Egg donation compensates far more, generally $5,000 to $15,000 per cycle, reflecting the weeks of hormone injections, monitoring appointments, and a surgical retrieval procedure. The American Society for Reproductive Medicine advises that compensation should reflect time and discomfort rather than serving as the primary motivation, but in practice, higher amounts are common at agencies serving competitive markets.

Sperm donation pays considerably less, typically $50 to $150 per deposit, though donors accepted into a program may earn $1,000 to $1,500 per month with regular contributions. Hair, if long and unprocessed, can sell for $100 to several thousand dollars depending on length, color, and condition.

Whole Body Donation

Donating your entire body to medical science after death has no direct financial payout. Programs at institutions like the Mayo Clinic accept bodies for research and education, and some cover transportation costs from the place of death to the facility. But funeral home fees, death certificate filing, and other documentation expenses typically fall to the family. The main financial benefit is avoiding the cost of a traditional burial or cremation, which averages $7,000 to $12,000 in the U.S.

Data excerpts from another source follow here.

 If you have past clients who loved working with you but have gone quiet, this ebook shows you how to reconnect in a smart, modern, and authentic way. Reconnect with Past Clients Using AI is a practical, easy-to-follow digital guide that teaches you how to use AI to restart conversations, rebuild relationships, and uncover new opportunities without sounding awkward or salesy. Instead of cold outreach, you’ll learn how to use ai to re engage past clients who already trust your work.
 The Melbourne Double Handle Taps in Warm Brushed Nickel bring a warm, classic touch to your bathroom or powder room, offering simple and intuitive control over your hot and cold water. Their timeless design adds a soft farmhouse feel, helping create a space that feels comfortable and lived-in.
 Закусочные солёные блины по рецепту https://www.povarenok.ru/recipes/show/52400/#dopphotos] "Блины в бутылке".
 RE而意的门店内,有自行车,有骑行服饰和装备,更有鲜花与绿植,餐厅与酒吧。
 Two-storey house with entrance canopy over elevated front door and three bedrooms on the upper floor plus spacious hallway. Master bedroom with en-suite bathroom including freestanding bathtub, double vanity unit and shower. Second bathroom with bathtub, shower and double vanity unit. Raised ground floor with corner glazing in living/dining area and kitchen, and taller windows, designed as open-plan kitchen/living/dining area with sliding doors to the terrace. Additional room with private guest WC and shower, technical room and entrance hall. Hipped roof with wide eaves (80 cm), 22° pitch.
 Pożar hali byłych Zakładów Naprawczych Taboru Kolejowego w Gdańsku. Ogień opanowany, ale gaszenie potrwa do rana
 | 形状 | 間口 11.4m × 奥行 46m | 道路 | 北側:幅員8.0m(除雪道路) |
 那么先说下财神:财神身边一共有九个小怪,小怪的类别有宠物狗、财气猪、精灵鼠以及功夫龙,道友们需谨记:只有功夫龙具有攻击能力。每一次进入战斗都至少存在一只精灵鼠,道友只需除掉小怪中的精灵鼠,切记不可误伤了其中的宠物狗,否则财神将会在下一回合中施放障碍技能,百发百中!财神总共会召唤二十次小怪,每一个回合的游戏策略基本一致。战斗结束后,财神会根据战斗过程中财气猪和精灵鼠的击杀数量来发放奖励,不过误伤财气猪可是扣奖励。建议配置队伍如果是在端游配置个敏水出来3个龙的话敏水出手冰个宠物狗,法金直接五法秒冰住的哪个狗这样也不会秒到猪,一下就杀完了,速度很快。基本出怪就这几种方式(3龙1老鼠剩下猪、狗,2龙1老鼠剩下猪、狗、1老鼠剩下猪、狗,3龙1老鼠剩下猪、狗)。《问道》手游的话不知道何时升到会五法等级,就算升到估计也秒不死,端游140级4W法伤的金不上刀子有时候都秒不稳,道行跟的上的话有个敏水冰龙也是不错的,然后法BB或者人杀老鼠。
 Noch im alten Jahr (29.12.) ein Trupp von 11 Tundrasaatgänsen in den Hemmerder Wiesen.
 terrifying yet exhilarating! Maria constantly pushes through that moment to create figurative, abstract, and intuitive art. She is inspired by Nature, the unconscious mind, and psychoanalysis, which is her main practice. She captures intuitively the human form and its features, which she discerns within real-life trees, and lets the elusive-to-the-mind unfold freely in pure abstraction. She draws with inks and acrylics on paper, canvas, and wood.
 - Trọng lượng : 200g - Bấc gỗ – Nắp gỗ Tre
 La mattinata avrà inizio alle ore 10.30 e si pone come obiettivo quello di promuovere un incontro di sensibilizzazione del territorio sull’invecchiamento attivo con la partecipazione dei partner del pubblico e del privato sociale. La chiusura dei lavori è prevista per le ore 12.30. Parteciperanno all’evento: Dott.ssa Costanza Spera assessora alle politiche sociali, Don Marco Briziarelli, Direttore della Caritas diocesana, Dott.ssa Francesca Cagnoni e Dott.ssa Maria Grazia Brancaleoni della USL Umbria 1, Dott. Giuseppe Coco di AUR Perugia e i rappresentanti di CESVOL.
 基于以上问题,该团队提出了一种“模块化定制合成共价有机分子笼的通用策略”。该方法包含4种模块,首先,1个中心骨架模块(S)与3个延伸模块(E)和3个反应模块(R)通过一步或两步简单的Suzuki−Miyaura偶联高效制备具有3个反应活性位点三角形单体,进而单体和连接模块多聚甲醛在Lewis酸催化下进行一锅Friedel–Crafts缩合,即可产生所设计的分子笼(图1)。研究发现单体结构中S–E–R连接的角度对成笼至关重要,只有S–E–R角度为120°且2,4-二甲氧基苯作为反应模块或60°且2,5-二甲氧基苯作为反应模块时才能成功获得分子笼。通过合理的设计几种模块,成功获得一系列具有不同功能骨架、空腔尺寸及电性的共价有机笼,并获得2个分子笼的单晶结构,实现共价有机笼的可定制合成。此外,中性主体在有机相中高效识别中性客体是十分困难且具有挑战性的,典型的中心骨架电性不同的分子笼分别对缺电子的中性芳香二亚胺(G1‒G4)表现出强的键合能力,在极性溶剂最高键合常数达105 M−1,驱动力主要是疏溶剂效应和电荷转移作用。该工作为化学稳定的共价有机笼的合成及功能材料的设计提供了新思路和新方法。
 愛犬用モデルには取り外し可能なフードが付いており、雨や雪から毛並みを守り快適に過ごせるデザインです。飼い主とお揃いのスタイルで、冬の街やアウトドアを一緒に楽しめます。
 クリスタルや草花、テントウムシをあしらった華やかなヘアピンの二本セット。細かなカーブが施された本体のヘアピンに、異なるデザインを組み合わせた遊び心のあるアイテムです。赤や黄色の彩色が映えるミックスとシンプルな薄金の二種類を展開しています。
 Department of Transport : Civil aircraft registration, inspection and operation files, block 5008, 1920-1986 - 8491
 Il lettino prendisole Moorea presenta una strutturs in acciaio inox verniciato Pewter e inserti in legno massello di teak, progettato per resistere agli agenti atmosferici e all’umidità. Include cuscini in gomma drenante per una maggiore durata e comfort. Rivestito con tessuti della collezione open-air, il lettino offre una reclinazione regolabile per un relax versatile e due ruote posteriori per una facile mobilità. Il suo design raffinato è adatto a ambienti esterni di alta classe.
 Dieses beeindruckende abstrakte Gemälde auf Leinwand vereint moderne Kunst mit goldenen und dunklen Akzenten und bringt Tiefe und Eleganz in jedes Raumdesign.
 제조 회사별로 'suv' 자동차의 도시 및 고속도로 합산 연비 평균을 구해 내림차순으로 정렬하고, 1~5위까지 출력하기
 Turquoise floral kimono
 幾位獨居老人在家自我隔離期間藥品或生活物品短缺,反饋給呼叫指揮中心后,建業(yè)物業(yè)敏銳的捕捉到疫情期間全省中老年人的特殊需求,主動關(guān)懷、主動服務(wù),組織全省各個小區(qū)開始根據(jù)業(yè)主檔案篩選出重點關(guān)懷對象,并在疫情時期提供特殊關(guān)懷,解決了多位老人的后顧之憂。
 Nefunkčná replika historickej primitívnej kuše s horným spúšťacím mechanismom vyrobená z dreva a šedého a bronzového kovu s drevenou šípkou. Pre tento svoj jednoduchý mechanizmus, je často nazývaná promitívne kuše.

Most programs return cremated remains to the family after one to three years, once research and teaching use is complete.

Adding It All Up

If you tried to tally the replacement cost of every transplantable organ, every pint of blood, every harvestable tissue, and every renewable product a healthy body could generate over a lifetime, informal estimates land somewhere between $500,000 and $45 million. The wide range reflects whether you’re counting black market prices (which exist internationally despite being illegal), medical billing costs, or theoretical lifetime output of renewable materials like plasma and eggs.

The honest answer is that a human body has no single price. It’s worth 98 cents as chemicals, potentially millions in medical components, and $14.2 million when the federal government is deciding how much to spend keeping you alive. Which number matters depends entirely on who’s asking and why.